Eight Careers in a Lifetime of Work—
The Giant Sucking Sound
Jerry Lobdill, retired physicist
This paper reprises one that I wrote in the early 1990s. At that time Robert Reich, Clinton’s Secretary of Labor, was floating a new American order (NAO) of labor, a new covenant between business and labor. This new covenant had all the benefits on the side of corporations, and all the costs were allocated to labor.
The essence of the NAO was that the days of careers spent working for a single employer were over, and that the American worker, at all levels, should expect to change careers an average of eight times during a working lifetime. This new covenant was necessary, it was said, because technology and the needs of the marketplace were changing too rapidly for a college education to be sufficient to prepare any worker for all the changes that would happen in a working lifetime. It was likened to the demise of the buggy whip industry with the advent of the automobile.
Not to worry, though. If workers would just keep their chins up and accept the inevitability of this NAO, there would be training programs available to help them retrain and get a new start each time their jobs disappeared.
This came at a time when Ross Perot had been saying that if NAFTA were passed there would be a “giant sucking sound” as American jobs were lost to other nations. Clinton had co-opted Perot supporters by promising to veto NAFTA, but had lied about that, and now, his Labor Secretary was delivering the bad news with a saccharin coating to the people.
Today, in 2003, we see the results of that perfidy. There was a giant sucking sound that was muffled by the cheers of the speculators who were running up the stock market in the biggest mania of all time. The stock market bubble finally burst as Clinton’s second term ended, and now the loss of millions of jobs that began with the approval of NAFTA is obvious. Three million manufacturing jobs have been lost since 2000, when George W Bush took office.
The free traders still say that retraining is the key to our economic problems. Of course, the Republican Party peddles this fiction, but worse, the Democratic Leadership Council (DLC) which brought Clinton into the White House, also chants this nonsense. The American worker knows this lie for what it is. And it is becoming more difficult for the pied pipers of free trade to sell. But, even so, the DLC and their darlings, Richard Gephardt, John Kerry, and Joe Lieberman still chant the mantra.
When Mr. Reich first floated this lie, I saw it for what it was. I performed an analysis using computer simulation—one of my apparently obsolete job skills—to show that, given a reasonable training period necessary to acquire skills worth the kind of compensation a worker was previously paid, and given the normal job search time required to find a job at that skill level, an engineer could expect that this new covenant would cost him a 35% loss in lifetime earnings.
Mr. Reich did not answer my letter explaining this projected result.
Yet, today, this is exactly what we see happening in the US economy. And it is now appropriate to ask, “What jobs will displaced workers be trained for?” This question is never answered by the pied pipers of free trade. The answer is, there are no jobs with equal pay to be had, and the jobs available do not require technical training. Today, corporations are busy moving not only factory jobs overseas, but also engineering and research jobs as well. Additionally, they are importing cheap labor on H-1B and L-1 visas to displace American workers whose jobs they have not yet been able to move overseas.

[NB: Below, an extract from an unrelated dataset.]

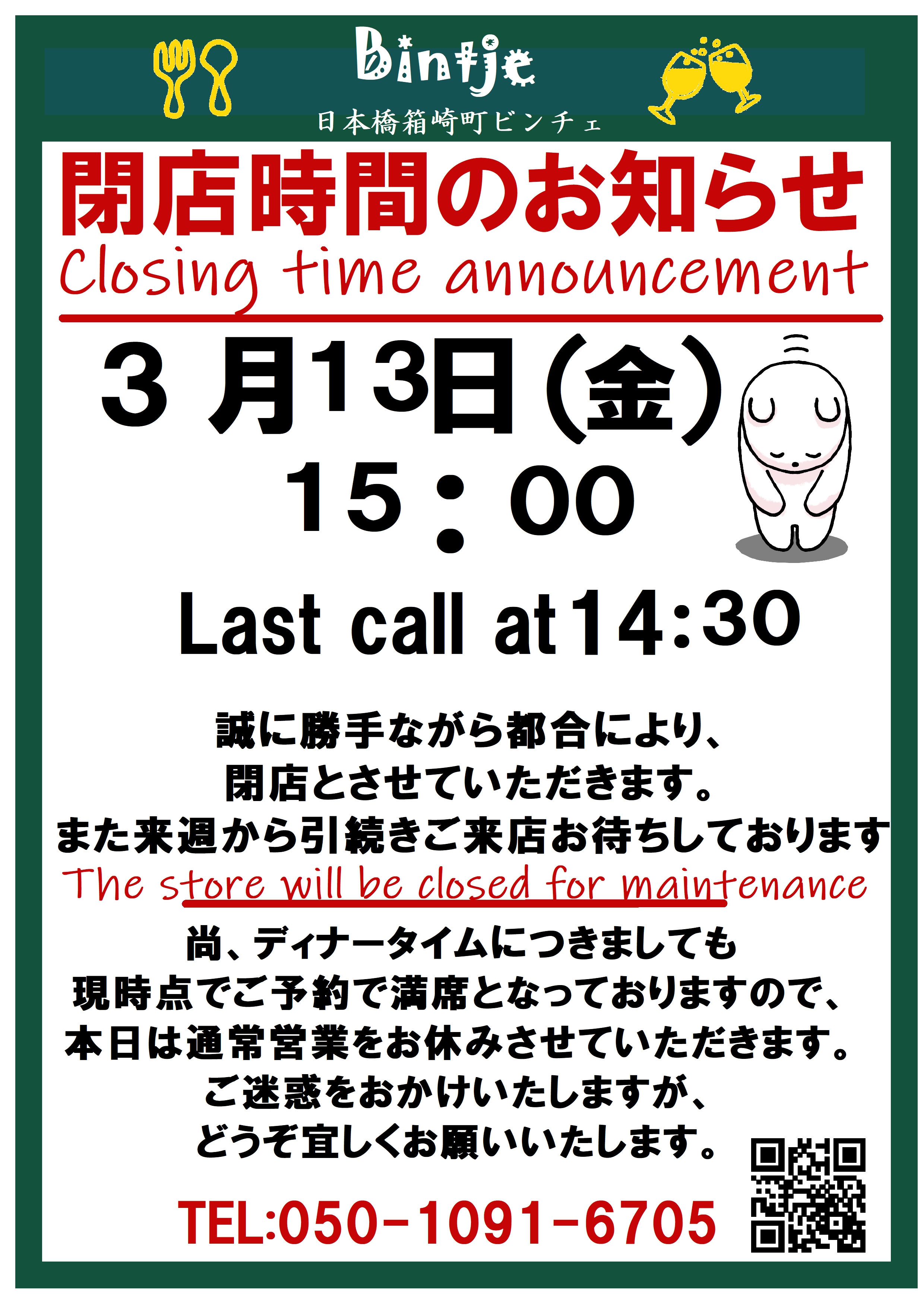 3月13日(金)につきましては、店内メンテナンスの為、

What did any thinking person expect would happen? What values does a corporation hold? Only one. Maximize the profit on investment in each quarter of each year. This is the fundamental reason why corporations should never be considered “persons” in law. There is no place in corporate thinking for consideration of moral obligations or consideration of long term effects of policy.
Corporations are artificial constructs that were meant to serve the welfare of nations, and in that capacity they serve well. They aggregate large amounts of capital that is necessary to accomplish large projects that small business could never manage. But corporations are never required to “die” for their country, never “executed” for capital crimes for which human citizens are made to pay the price, and cannot be placed in prison for lesser crimes. Their motivations, however, are driven by pursuit of profit by any means that the law will permit. This impels corporations to invest large sums of money in currying favor with politicians and lobbying for legal advantages that have no concern for human values.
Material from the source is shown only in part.